The entries are to be duplicated exactly, though any picture in them must be omitted.

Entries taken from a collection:
-*-*-
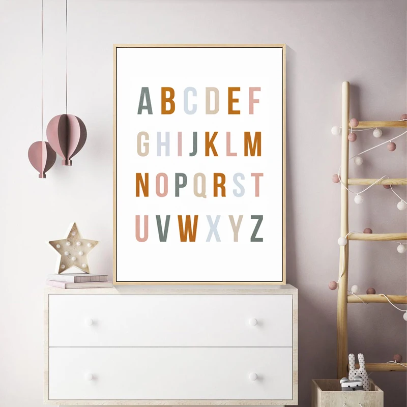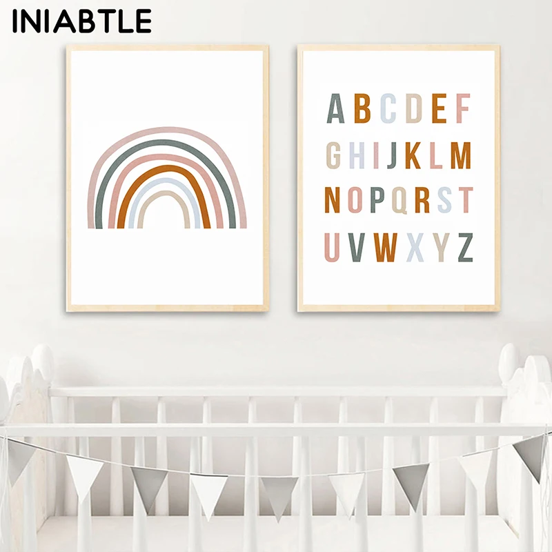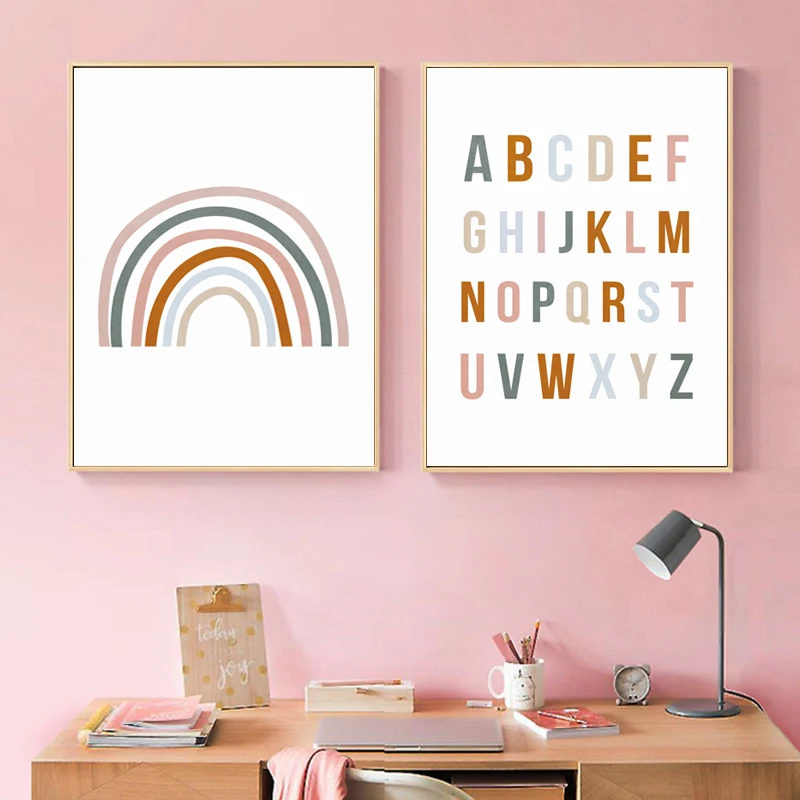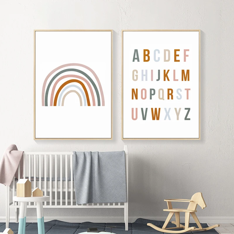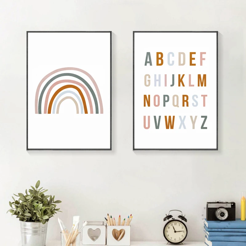 Радуга ABC плакат с алфавитом цитаты печать детской стены искусства холст картина Детская спальня фотографии детский подарок Детская комната Домашний декор
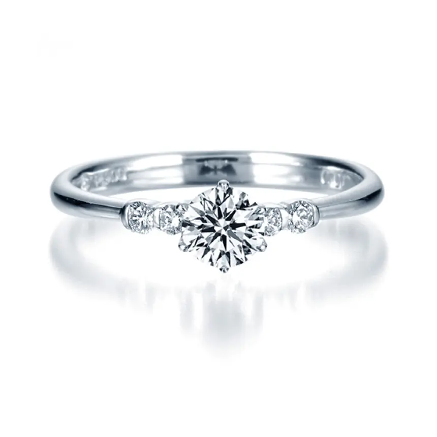 センターダイヤモンドの脇に2石ずつメレダイヤモンドを配置した、可憐な輝きが魅力の「11EN18」。
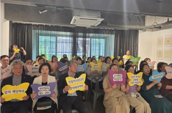 행사에는 도내 여성단체와 시민사회단체, 광복회 전북지회, 전북겨레하나 등 60여 명이 참석해 피해자들의 고통과 용기를 되새겼다. 추모사와 전시 작가 소개, 피해자를 기리는 퍼포먼스가 이어지며 현장 분위기를 더했다.
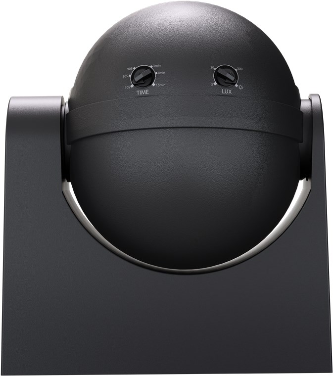 - Light sensitivity (3 lx to 2000 lx) and switch-off delay (10 s to 15 min) can be easily and continuously adjusted using the rotary control on the underside
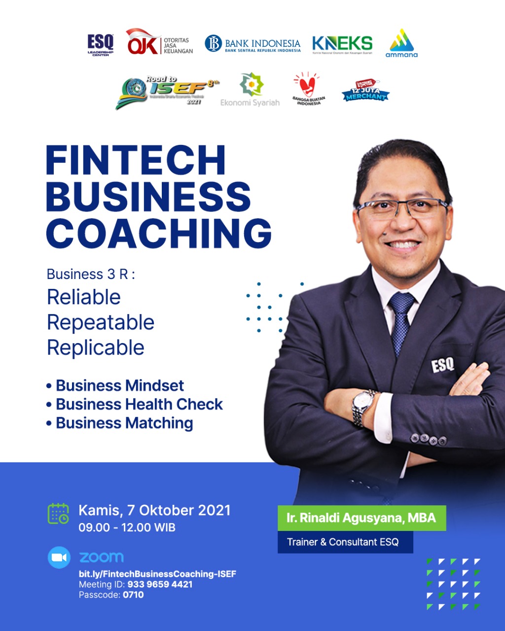 Saat sesi webinar dan coaching, para peserta akan dipandu langsung oleh Rinaldi Agusyana, trainer dan konsultan ESQ. Ia membawakan webinar dengan tema FINTECH BUSINESSS COACHING. Di dalamnya akan membahas tentang Business 3 R (Reliable, Repeatable, Replicable) serta Business Mindset, Business Health Check, dan Business Matching.
-*-*-
• SOLUTION TO THIS TASK
 Радуга ABC плакат с алфавитом цитаты печать детской стены искусства холст картина Детская спальня фотографии детский подарок Детская комната Домашний декор
 センターダイヤモンドの脇に2石ずつメレダイヤモンドを配置した、可憐な輝きが魅力の「11EN18」。
 행사에는 도내 여성단체와 시민사회단체, 광복회 전북지회, 전북겨레하나 등 60여 명이 참석해 피해자들의 고통과 용기를 되새겼다. 추모사와 전시 작가 소개, 피해자를 기리는 퍼포먼스가 이어지며 현장 분위기를 더했다.
 - Light sensitivity (3 lx to 2000 lx) and switch-off delay (10 s to 15 min) can be easily and continuously adjusted using the rotary control on the underside
 Saat sesi webinar dan coaching, para peserta akan dipandu langsung oleh Rinaldi Agusyana, trainer dan konsultan ESQ. Ia membawakan webinar dengan tema FINTECH BUSINESSS COACHING. Di dalamnya akan membahas tentang Business 3 R (Reliable, Repeatable, Replicable) serta Business Mindset, Business Health Check, dan Business Matching.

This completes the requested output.